The Victorian-bred Bletchley Park has a 50 per cent winning record and the smart frontrunner has won two group 3 events and has finished a half-head second to Franco Edward in the 2018 Golden Slipper and raced three back on the pegs before finishing strongly on the inside to be second to Major Trojan in the 2019 WA Derby.
Stablemate Gran Chico is expected to be a solid favourite after several impressive performances in New Zealand and an easy win at his West Australian debut last Friday week when he was not extended in beating Dominate The Dojo and Iceenothink.
The big, strong gelding was the lone back-line runner, who settled in fifth place in the one-wide line before Shannon Suvaljko sent him forward with a three-wide burst to take up the running after 500m. He dashed over the final quarters in 28.3sec. and 27.7sec.
Suvaljko was delighted with Gran Chico’s run, saying: “It was a perfect run, first-up. Mike said he was underdone and he is sure to be improved. He felt really good and was sharp off the gate as the only runner off the back line. I just let him do what he wanted to do. I didn’t turn the whip or pull the ear plugs.
“If you watch all Gran Chico’s runs in New Zealand, he does the same; he wins by only a neck or a half-length. He never kills them (the opposition). He needs another horse (challenging him) and when that horse is besides him, he will just charge at him.
“I’ll drive Gran Chico consistent with the way he has been driven. He’ll be up there and we won’t die wondering. I’ve watched his replays and he has got speed off the gate.”
Trainer-reinsman Aldo Cortopassi said that Theo Aviator had done really well since his fast-finishing victory over Sangue Reale and Shockwave last Friday week. “That was only second-up, so he’s still going up the hill,” he said. “From barrier 12 I don’t know what I’m going to do.
“I’ll sit down and study things to determine whether I’ll punch through or drop in and try to get a fence run like we did last start.

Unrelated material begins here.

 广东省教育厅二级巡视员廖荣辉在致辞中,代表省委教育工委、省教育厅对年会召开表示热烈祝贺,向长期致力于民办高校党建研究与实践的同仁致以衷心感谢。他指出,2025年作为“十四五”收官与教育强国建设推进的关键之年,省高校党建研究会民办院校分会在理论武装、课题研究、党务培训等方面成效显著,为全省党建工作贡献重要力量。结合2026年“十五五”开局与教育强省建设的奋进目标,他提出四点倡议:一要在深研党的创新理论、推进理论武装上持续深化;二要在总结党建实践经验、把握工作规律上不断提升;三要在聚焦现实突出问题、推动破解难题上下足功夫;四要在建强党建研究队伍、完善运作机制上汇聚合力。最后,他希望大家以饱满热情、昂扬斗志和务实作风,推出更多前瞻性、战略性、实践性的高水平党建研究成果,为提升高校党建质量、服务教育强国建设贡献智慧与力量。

I’ll be looking for some short cuts early and hope that there is some genuine speed. Theo Aviator can sit and sprint with the best of them.”
Trainer Michael Brennan admitted that barrier five was not a perfect draw for Sangue Reale. “But we’re still a chance,” he said. “He has improved a heap since his last run and I’m absolutely rapt with him. If he had drawn one or ten I’d be really confident of him running in the first two or three.”

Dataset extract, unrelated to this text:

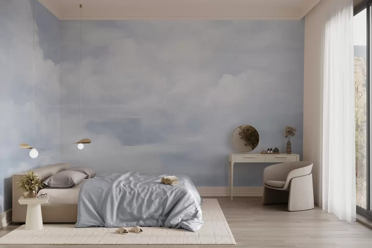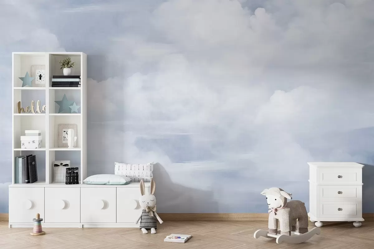 Фототапет Пастелно текстурирано небе, изпълнено с бели облаци, с мека и минималистична естетика Nr w09589

Chris Voak has been engaged to drive Sangue Reale, replacing the New South Wales-bred gelding’s regular reinsman Michael Grantham, who will be in the sulky behind Bletchley Park.
Oakford trainer Ross Olivieri is expecting a strong performance from Gee Jay Kay, a winner at ten of his 24 starts. Chris Lewis will drive him from barrier three on the front line. Gee Jay Kay had a tough run without cover before wilting late to finish seventh behind Theo Aviator last Friday week --- 11 days after an impressive victory over Ocean Ridge at Pinjarra.

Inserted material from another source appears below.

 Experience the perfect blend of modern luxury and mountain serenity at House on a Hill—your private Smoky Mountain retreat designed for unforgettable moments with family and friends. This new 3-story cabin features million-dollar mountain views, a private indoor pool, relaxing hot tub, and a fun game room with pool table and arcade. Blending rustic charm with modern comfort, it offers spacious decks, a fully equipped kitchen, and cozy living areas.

“He has done very well since his latest run,” said Olivieri. “Any thoughts that the run in the breeze might have knocked him around are unfounded and he has taken no ill-effects from the run. He was beaten by only nine metres and he beat all the fancied horses. I wasn’t disappointed. I think Chris will give him time to find his feet before putting him into the race.”
Dylan Egerton-Green will drive the Colin Brown-trained Patrickthepiranha from the inside of the back line and the gelding is sure to be prominent. “I’m happy with the draw and with the horse, and I’m happy with his latest run when he had no luck.”
Champion trainer Gary Hall Snr fared poorly in the barrier draw with his three runners Wildwest, Robbie Easton and Eloquent Mach, with Wildwest, to be driven by Gary Hall Jnr, the stable’s best hope, despite drawing the outside (No. 9) on the front line.
Wildwest, unbeaten at his first eight starts, suffered his first defeat when eighth behind Theo Aviator last Friday week when he was forced to cover a lot of extra ground in the final circuit. Robbie Easton (barrier six) and Eloquent Mach (seven) look tested from unfavourable draws.